More recently, next-generation sequencing (NGS) has been added as a diagnostic tool for PJI diagnosis, particularly for pathogen detection in culture negative cases [34]. Because NGS is labour intensive and costly for clinical laboratories [35], targeted metagenomic sequencing based assays (tMGS) for pathogen detection and identification in sterile fluids and tissues have recently been developed that use either Sanger sequencing and/or NGS after BR 16S PCR rRNA gene amplification depending on the individual tests’ cycle threshold (Ct) [35]. Several clinical studies have recently been reported using this method for diagnosis of PJI, and infectious endocarditis (IE), and show similar or improve diagnostic performance compared to culture alone [17,36,37,38,39,40,41,42,43,44]. A retrospective study was done analyzing synovial fluids at a single center that included 154 patients who had synovial fluid aspirated from their hip, knee, shoulder or elbow arthroplasties; 118 patients had noninfectious arthroplasty failure and 36 had PJI [41]. Clinical sensitivity and specificity for diagnosis of PJI were 69% and 100% respectively for the tMGS assay and 72% and 100%, respectively, for culture (P=0.74). The combination of both tests had the highest sensitivity compared to culture alone (P=0.04). Results of the tMGS assay led to changes in therapy in 4/36 (11%) of PJI patients. Another study by the same investigator group used tMGS compared to a commercial shotgun metagenomics assay, the Karius tests, to detect a pathogen in blood and plasma from 34 patients with suspected infectious endocarditis. The Karius test was positive for 24/34(75%), including 3/6(50%) with blood culture negative IE [40], which was not significantly different than the tMGS assay (P=0.41). Use of culture, the Karius test and tMGS found a potential pathogen in 97% of ID cases including 5/6 with negative cultures.

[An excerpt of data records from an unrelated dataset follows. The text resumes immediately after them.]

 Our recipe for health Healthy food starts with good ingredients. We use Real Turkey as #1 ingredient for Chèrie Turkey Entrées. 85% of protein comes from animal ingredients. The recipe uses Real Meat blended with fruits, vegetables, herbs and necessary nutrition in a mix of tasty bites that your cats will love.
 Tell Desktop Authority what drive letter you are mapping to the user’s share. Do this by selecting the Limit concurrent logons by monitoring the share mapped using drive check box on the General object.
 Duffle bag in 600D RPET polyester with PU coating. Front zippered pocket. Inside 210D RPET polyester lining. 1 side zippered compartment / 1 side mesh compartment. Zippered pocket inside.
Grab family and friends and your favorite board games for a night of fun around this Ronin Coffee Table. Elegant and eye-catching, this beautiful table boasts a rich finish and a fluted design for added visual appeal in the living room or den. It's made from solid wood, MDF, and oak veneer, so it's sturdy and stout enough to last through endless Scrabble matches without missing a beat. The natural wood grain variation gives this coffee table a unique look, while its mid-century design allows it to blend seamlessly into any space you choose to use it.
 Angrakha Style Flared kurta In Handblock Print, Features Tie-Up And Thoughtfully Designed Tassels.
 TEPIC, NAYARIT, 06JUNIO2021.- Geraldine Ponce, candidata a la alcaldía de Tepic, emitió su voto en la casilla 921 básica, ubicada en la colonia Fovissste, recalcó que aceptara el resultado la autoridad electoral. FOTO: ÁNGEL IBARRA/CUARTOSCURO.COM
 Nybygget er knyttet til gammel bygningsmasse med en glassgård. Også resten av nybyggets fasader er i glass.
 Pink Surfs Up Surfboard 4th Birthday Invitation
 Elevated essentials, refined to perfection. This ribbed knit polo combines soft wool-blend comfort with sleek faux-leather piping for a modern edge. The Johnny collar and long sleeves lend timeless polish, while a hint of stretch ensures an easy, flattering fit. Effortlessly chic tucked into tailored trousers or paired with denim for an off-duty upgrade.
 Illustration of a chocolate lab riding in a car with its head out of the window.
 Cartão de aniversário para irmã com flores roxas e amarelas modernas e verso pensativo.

Our study has several important limitations. This study reports the accrued experience of a single centralized laboratory with decades of experience in developing molecular assays. The results reported herein may not reflect the accuracy of the utilization of this technology in jurisdictions without expertise in broad range BR 16S PCR/sequencing testing. Cases were only enrolled at the request of the Infectious Diseases service after consultation with the Microbiologists, but chart reviews were otherwise not done. This approach may have introduced selection bias but ensured that appropriate clinical specimens were selected on patients with culture-negative patients where the molecular assay was predicted to have the highest value-added clinical benefit.

5. Conclusions

Our novel BR 16S PCR assay improved detection for identifying underlying bacterial pathogens in a wide range of culture negative clinical specimens while having a low rate of contamination. Future evaluation should be done of our BR 16S PCR assay against a targeted metagenomics method.